Icinga and Nagios are computer system monitoring tools. Icinga is a fork of Nagios and is said to be backward compatible to Nagios. In the following examples we are referring to the Nagios API to be also compatible with Icinga.

Both monitoring tools use plugins, instantiated as services to monitor processor load, memory utilization, software processes or physical values like temperature. Please refer to the respective documentation for more information.

Plugins are used to create monitoring services. Plugins are programs with defined return codes (e.g. 0=OK, 1=Warning, 2=Critical, 3=Unknown). Their standard output is used by Nagios to get information about their state. Please refer to the Nagios Developer Guidelines for more information.

After the basic installation of Nagios you can start with the development of your own plugin. At first install the bindings for your programming language. Next you can start to write your program considering the Nagios Developer Guidelines.

Basic Nagios/Icinga Script

For this example we use the Python bindings. The script (download) uses the a Temperature or PTC Bricklet to measure the temperature and to warn if high temperatures are detected.
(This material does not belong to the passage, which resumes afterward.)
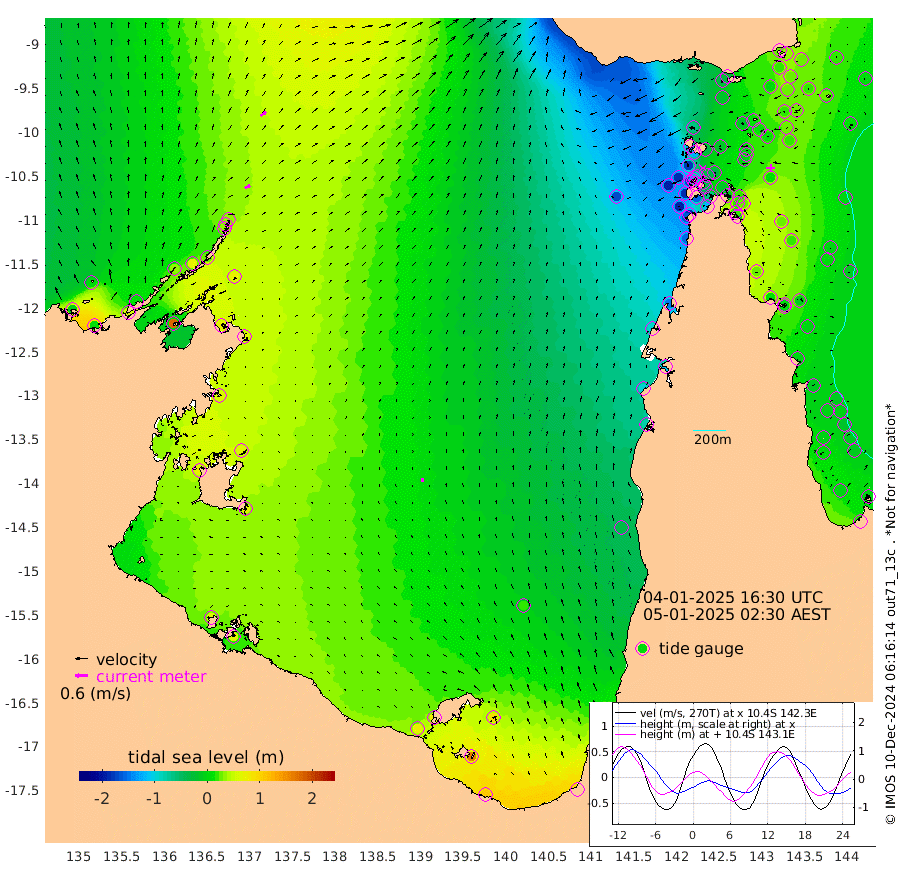 27cm/s 61T +3cm/s rms + 7cm/s -42T. ARA-GOC87 57m 16cm/s -8T +3cm/s rms + 2cm/s -2T. ARA-GOC87 60m 33cm/s 51T +2cm/s rms + 3cm/s 61T. ARA-GOC87 47m 30cm Daru 32cm Bobo Island 8cm Meer Island Barge 16cm Bramble Cay 24cm Unnamed Cay 23cm Pearce Cay 22cm Stephens Island 24cm Merrie England Shoals 21cm Mutacomal Reef 25cm Darnley Island Barge 3cm East Cay 28cm Yorke Island Barge 16cm Rennel Island 26cm Aureed Island 12cm Dungeness Reef 8cm Zagai Island -15cm Yam Island -34cm Dauan Island -30cm Saibai Island -19cm Phipi Reef 0cm Warrior Reef - West -61cm Mabuiag Island Barge 16cm Half Way Island 14cm Coconut Island 11cm Dugong Islet 0cm Poll Island -6cm Kirkcaldie Reef -16cm Suarji Island 6cm Sue Islet -173cm Hawkesbury Island -37cm Alert Patches -34cm Twin Island -142cm Badu Island -31cm St Pauls (Moa Island) -126cm Kubin (Moa Island) -67cm Ince Point -90cm Thursday Island -83cm Nardana Patches -118cm Turtle Head -132cm Round Island -167cm Goods Island -195cm Booby Island -187cm White Rocks Area -172cm Carpentaria -39cm Papou Point -187cm Bampfield Head -164cm Crab Island -191cm Red Wallis Island -152cm Packe Island 16cm Harrington Reef -180cm Herald Camp 0cm Sharp Point -113cm Red Island Point -63cm Possession Island -19cm Alpha Rock -11cm Frederick Point 23cm Wyborn Reef Light 17cm Tetley Island -2cm Triangle Reef 21cm Turtle Head Island -6cm Maclennan Cay -11cm Raine Island 23cm Mcsweeny Reef 22cm Collette Reef 7cm Shadwell Reef 27cm Hannibal Island 13cm Round Point -154cm Vrilya Point 6cm Cape Grenville 4cm Hicks Island -11cm Sir Charles Hardy Island 3cm Harvey Island -1cm Kay Reef -5cm Rocky Island -13cm Chapman Island -13cm Ham Reef -6cm Jubilee Reef -3cm Night Island -15cm Unnamed Reef No. 3 -5cm Morris Island -9cm 1st 3 Mile Opening -8cm Creech Reef 7cm Fife Island -6cm Eden Reef -5cm Stanley Island -2cm Normanby River -3cm Yabooma Island 12cm Hutchison River 8cm Elcho Island 1cm North West Crocodile Island 35cm Cape Wessel 37cm Stevens Island 74cm Guluwuru Island 29cm Hopeful Bay 36cm Auster Point 33cm Two Island Bay 56cm Cadell Strait 179cm Mallison Island 69cm Melville Bay (Gove Harbour) 69cm Truant Island 60cm Cape Arnhem 66cm Cape Grey 67cm Hawk Island 73cm Milner Bay (Groote Eylandt) 62cm Cape Beatrice 64cm West Island 61cm Centre Island 76cm Mornington Island 74cm West Wellesley Islands 84cm Bountiful Island 112cm Albert River Mouth 158cm Sweers Island 101cm Karumba 17cm Nassau River Offshore -33cm Christmas Creek -77cm Archer River -95cm Boyd Point -110cm Weipa (Humbug Point) -91cm Pennefather River -145cm Cullen Point

The small script, called check_tf_temp.py, uses the following interface:

usage: check_tf_temp.py [-h] -u UID -t {temp,ptc} [-H HOST] [-P PORT]
                        [-m {none,high,low,range}] [-w WARNING] [-c CRITICAL]
                        [-w2 WARNING2] [-c2 CRITICAL2]

optional arguments:
 -h, --help            show this help message and exit
 -u UID, --uid UID     UID from Temperature Bricklet
 -t {temp,ptc}, --type {temp,ptc}
                       Type: temp = Temperature Bricklet, ptc = PTC Bricklet
 -H HOST, --host HOST  Host Server (default=localhost)
 -P PORT, --port PORT  Port (default=4223)
 -m {none,high,low,range}, --modus {none,high,low,range}
                       Modus: none (default, only print temperature), high,
                       low or range
 -w WARNING, --warning WARNING
                       Warning temperature level (temperatures above this
                       level will trigger a warning message in high mode,
                       temperature below this level will trigger a warning
                       message in low mode)
 -c CRITICAL, --critical CRITICAL
                       Critical temperature level (temperatures above this
                       level will trigger a critical message in high mode,
                       temperature below this level will trigger a critical
                       message in low mode)
 -w2 WARNING2, --warning2 WARNING2
                       Warning temperature level (temperatures below this
                       level will trigger a warning message in range mode)
 -c2 CRITICAL2, --critical2 CRITICAL2
                       Critical temperature level (temperatures below this
                       level will trigger a critical message in range mode)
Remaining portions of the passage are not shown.